EXERCISE DESCRIPTION = Could you repeat, word for word, the line with "Наглядно: на скриншотах" and every line after it in the records below, leaving out any pictures?

DATA LISTING =

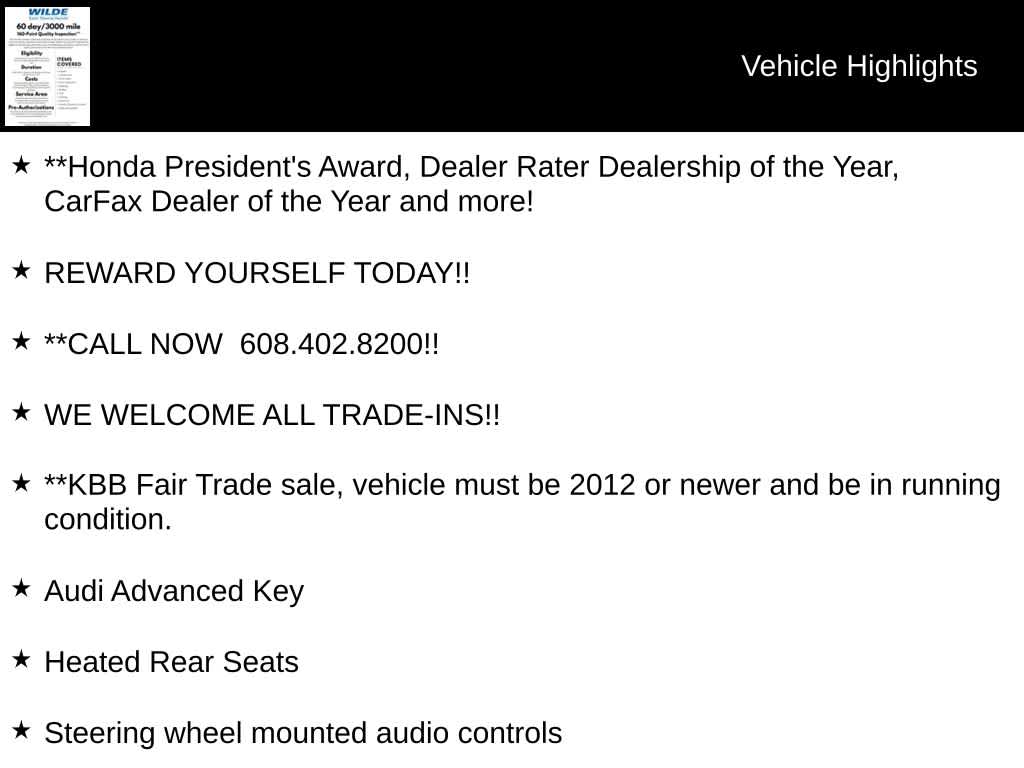 **Honda Presidents Award, Dealer Rater Dealership of the Year, CarFax Dealer of the Year and more!, REWARD YOURSELF TODAY!!, **CALL NOW 608.402.8200!!, WE WELCOME ALL TRADE-INS!!, **KBB Fair Trade sale, vehicle must be 2012 or newer and be in running condition., Besides many of the features just listed, this Audi A6 also may have many of the following;, quattro, Black Leather, Audi Advanced Key, Heated Rear Seats, Steering wheel mounted audio controls, 10 Speakers, 20 Sport Package, 4-Wheel Disc Brakes, 4-Zone Automatic Climate Control, ABS brakes, Air Conditioning, Alloy wheels, AM/FM radio: SiriusXM, Audi Active Lane Assist w/Emergency Assist, Audi Adaptive Cruise Assist, Audi Phone Box w/Wireless Charging, Audi Side Assist w/Pre Sense Rear, Audi smartphone interface (Apple CarPlay/Android Auto), Audi Virtual Cockpit, Auto tilt-away steering wheel, Auto-dimming door mirrors, Auto-dimming Rear-View mirror, Automatic temperature control, Bang & Olufsen 3D Premium Sound System, Brake assist, Bumpers: body-color, Cold Weather Package, Compass, Contrast Stitching on Door Armrests & Knee Bolster, Convenience Package, Delay-off headlights, Driver Assistance Package, Driver door bin, Driver vanity mirror, Dual front impact airbags, Dual front side impact airbags, Electronic Stability Control, Emergency communication system: Audi connect CARE, Exterior Parking Camera Rear, Four wheel independent suspension, Front & Rear Door Audi Beam-Rings, Front anti-roll bar, Front Bucket Seats, Front Center Armrest, Front dual zone A/C, Front fog lights, Front reading lights, Front Seat Ventilation & 4-Way Power Lumbar, Garage door transmitter: HomeLink, Genuine wood console insert, Genuine wood dashboard insert, Genuine wood door panel insert, Gray/Brown Fine Grain Ash Natural Wood Inlays, Headlight Washer System, Heated Auto-Dimming Power-Folding Exterior Mirrors, Heated door mirrors, Heated Front Seats, Heated front seats, Heated Steering Wheel, Illuminated entry, Knee airbag, Leather Seating Surfaces, Leather Shift Knob, Low tire pressure warning, Matrix-Design Headlights w/Highbeam Assist, Memory seat, Navigation System, Occupant sensing airbag, Outside temperature display, Overhead airbag, Overhead console, Panic alarm, Passenger door bin, Passenger vanity mirror, Power door mirrors, Power driver seat, Power moonroof, Power passenger seat, Power Rear & Manual Rear Side Window Sunshades, Power steering, Power windows, Premium Plus Package, Radio data system, Radio: Audi MMI Navigation Plus w/MMI Touch 10.1, Radio: Audi MMI Navigation w/MMI Touch Response, Rain sensing wipers, Rear air conditioning, Rear anti-roll bar, Rear reading lights, Rear seat center armrest, Rear window defroster, Remote keyless entry, Security system, Speed control, Speed-sensing steering, Speed-Sensitive Wipers, Split folding rear seat, Sport Suspension (20mm Drop), Steering wheel memory, Tachometer, Telescoping steering wheel, Tilt steering wheel, Top View Camera System w/Virtual 360 View, Traction control, Traffic Sign Recognition, Trip computer, Turn signal indicator mirrors, USB Cables, Variably intermittent wipers, Warm Weather Package, Wheels: 19 5-Double-Spoke Bi-Color, Wheels: 20 5-V-Spoke Bi-Color, quattro, Black Leather, Audi Advanced Key, Heated Rear Seats, Steering wheel mounted audio controls.
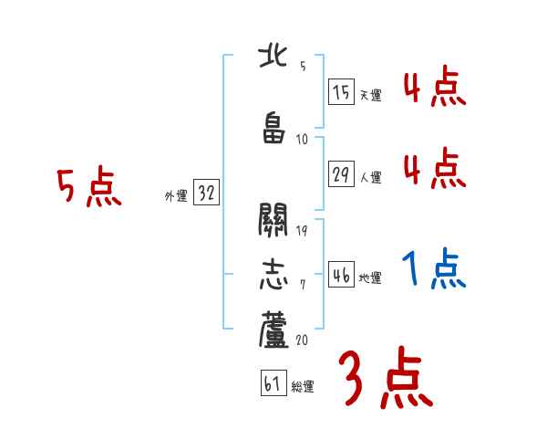 外運![]() | 北畠關志蘆さんの外運は32画の5つ星!柔軟性があり成功する。チャンスが多く金運が良い。 生活面を象徴する運勢です。外部から受ける影響力を表し、結婚運、家庭運や職場、環境への順応性を表します。 |
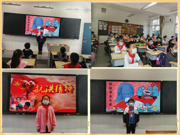 活動中,隊員們共同參與講述黨史故事,探尋黨的故事,感悟黨的初心,并通過講述抗洪、防疫“車輪戰(zhàn)”“雙線站”中“天使白”“消防橙”等沖鋒一線的動人故事,為黨獻上一份真摯的賀禮。輔導員孟祥利老師分階段講述了黨的歷史和共產黨的奮斗歷史,并讓少先隊員們交流心得,讓他們堅定自己的理想、堅定自己的愛國心。少先隊員們認真聆聽黨史故事,充分了解先烈事跡,增強少先隊員們的愛國熱情和奮斗熱情。
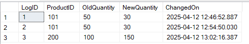 EXEC dbo.LogInventoryChange @ProductID = 101, @OldQuantity = 50, @NewQuantity = 30;
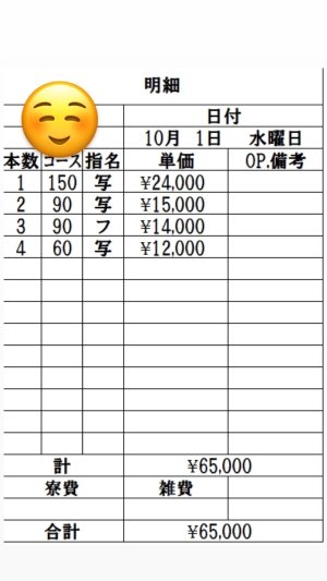 10月1日 在籍Mさんの明細公開
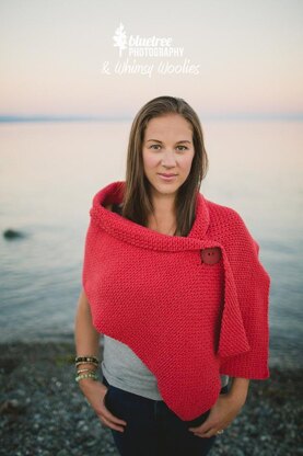 A take off of the ever popular three button shawl. The combination of stitch and yarn create the perfect drape for the perfect wrap. This two button version, allows for four different looks in one great shawl!
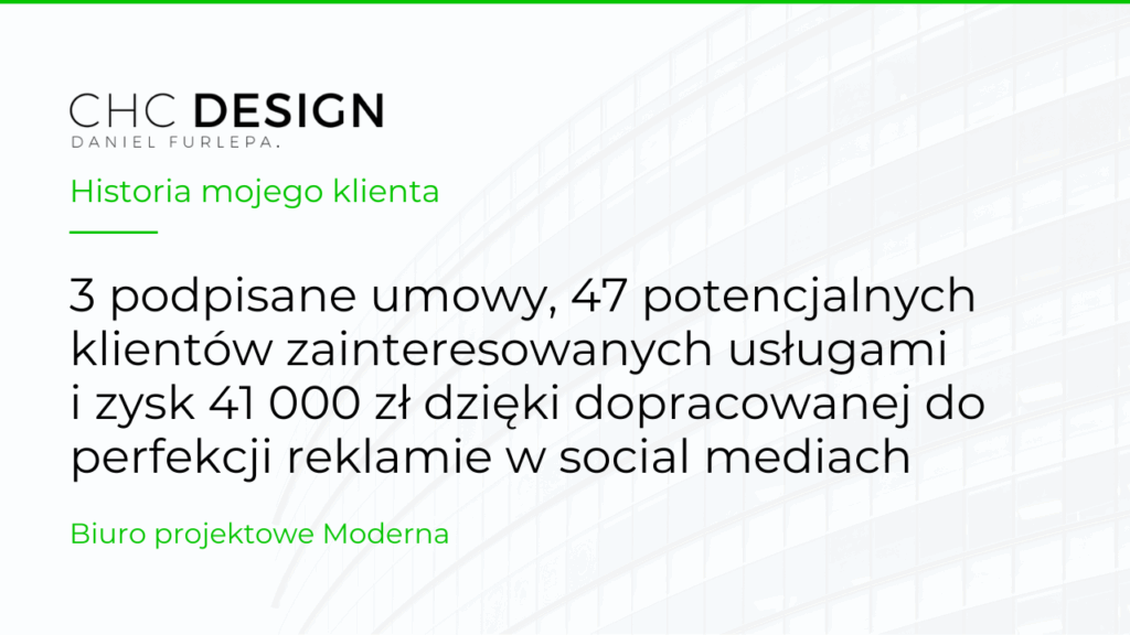 Zobacz wynik na YouTube Wprowadzenie — kim był klient? Grzegorz Ignaciak — właściciel biura projektowego Moderna z Lipnicy Wielkiej (okolice Nowego Targu). Od lat działa w branży projektowej, specjalizując się w domach jednorodzinnych, budynkach gospodarczych, garażach i załatwieniu wszystkich formalności. Gdy zgłosił się do mnie, pozyskiwał klientów wyłącznie z poleceń — a jego celem było […]
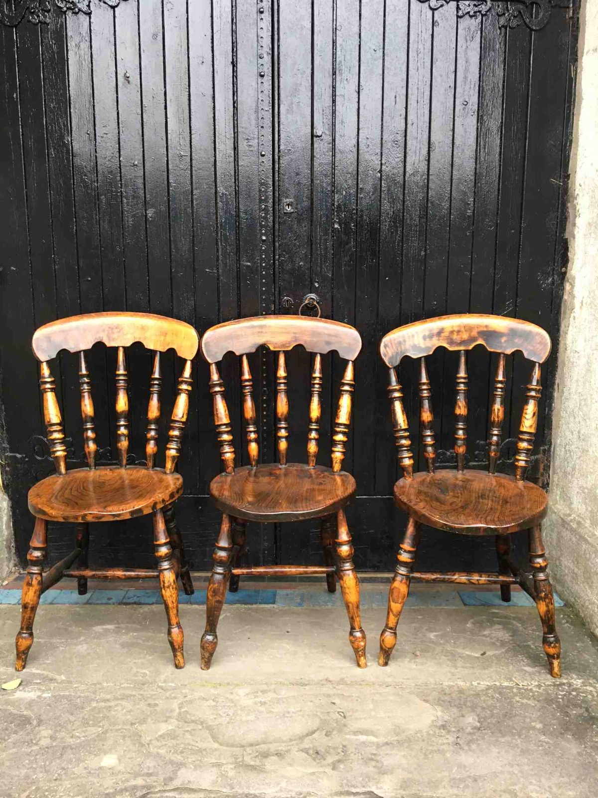 Set of 3 Beautiful 19th Century Ash & Elm Penny Seat Chairs with Turned Legs
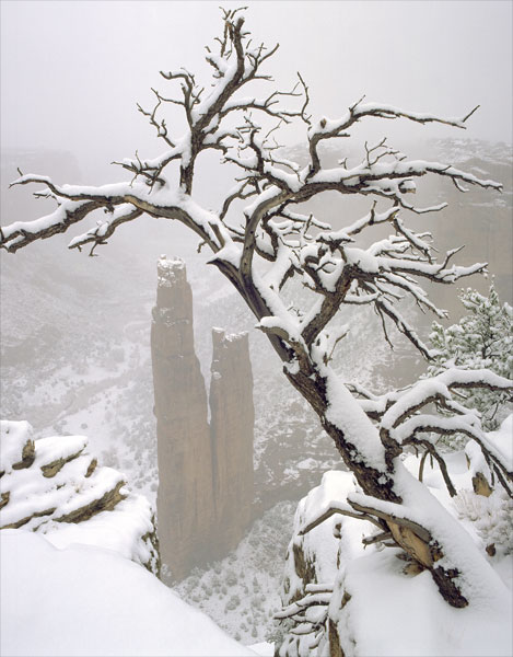 This photograph was created when I lived in Chinle, at the mouth of Canyon de Chelly, on the Navajo reservation. A snowstorm had fell over the canyon the night before, and continued on in the morning. In the Southwest, especially in this period of drought (Arizona is on the 9th month of a drought), snow is uncommon, especially heavy snowstorms. I knew the opportunity was unique and could not be missed. I immediately got in my truck and drove towards Spiderock knowing that this location, being at the highest elevation in Canyon de Chelly, was getting the most snow.
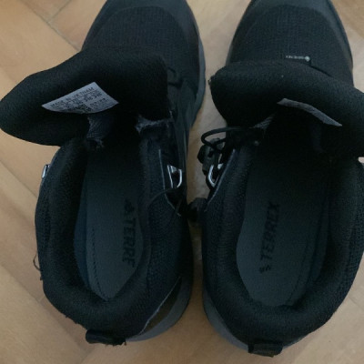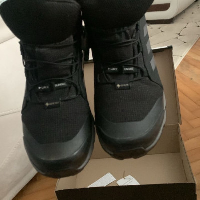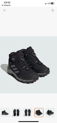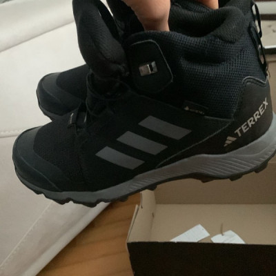 Siyah, bağcıklı, kauçuk malzemeden yapılmış, gri baskılı desenli erkek çocuk botu
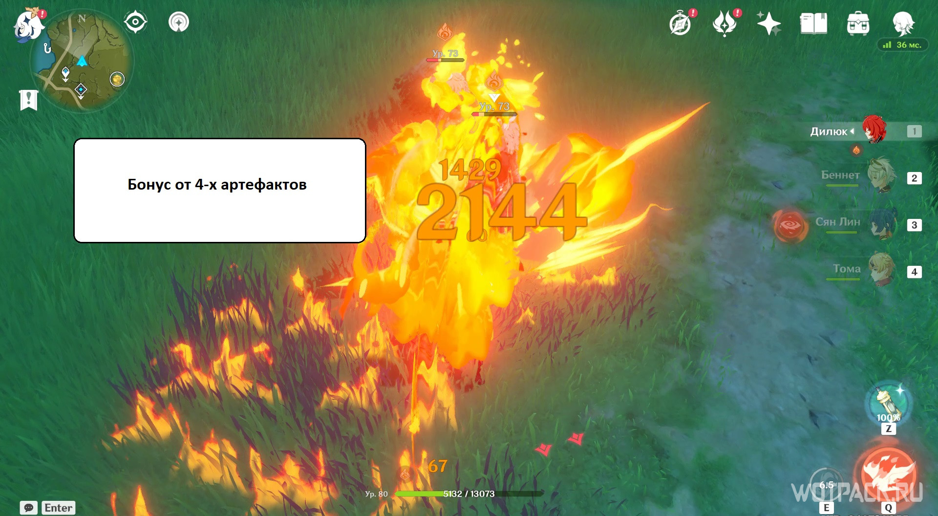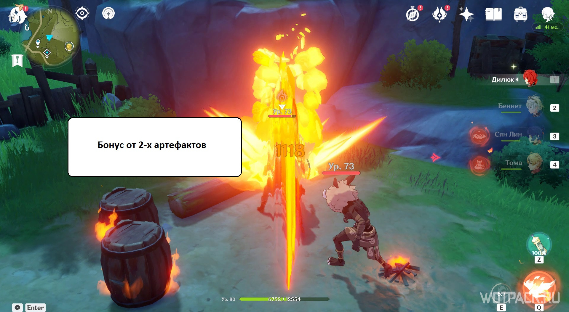 Наглядно: на скриншотах показан 3-й удар навыка Огненный натиск Дилюка без артефактов, с бонусом х2 и х4.
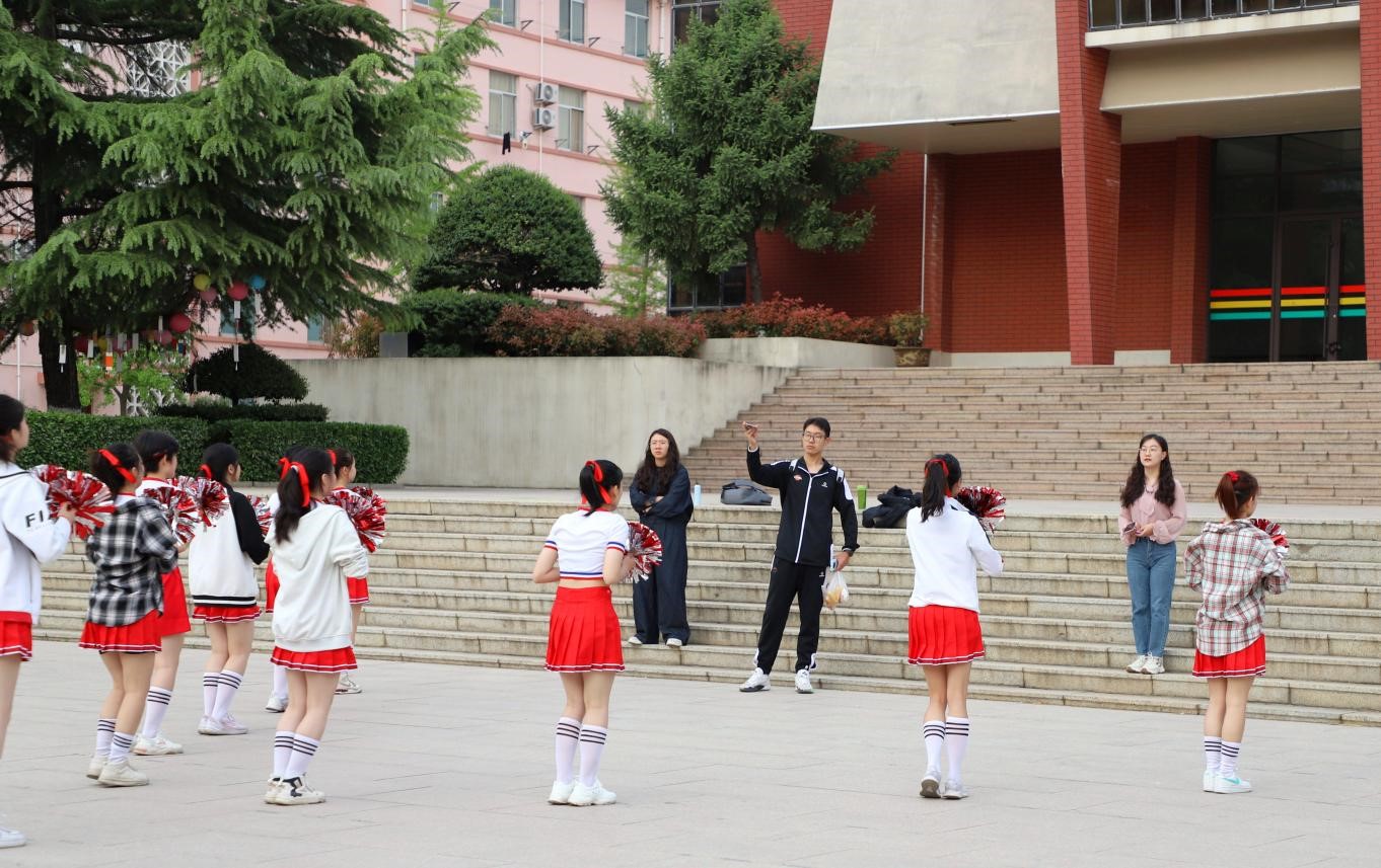 在她一遍遍的悉心指导下,队伍越来越整齐,同学们虽然疲惫,但动作愈发有力,步伐更加整齐,手中花球在阳光下闪烁,如同青春的火焰,在空中绽放出绚丽的色彩。“累是累,可看到队伍越来越整齐,成就感一下子就上来了!”另一名同学笑着说道,眼神中满是对即将到来的表演的期待。

EXERCISE ANSWER =
 Наглядно: на скриншотах показан 3-й удар навыка Огненный натиск Дилюка без артефактов, с бонусом х2 и х4.
 在她一遍遍的悉心指导下,队伍越来越整齐,同学们虽然疲惫,但动作愈发有力,步伐更加整齐,手中花球在阳光下闪烁,如同青春的火焰,在空中绽放出绚丽的色彩。“累是累,可看到队伍越来越整齐,成就感一下子就上来了!”另一名同学笑着说道,眼神中满是对即将到来的表演的期待。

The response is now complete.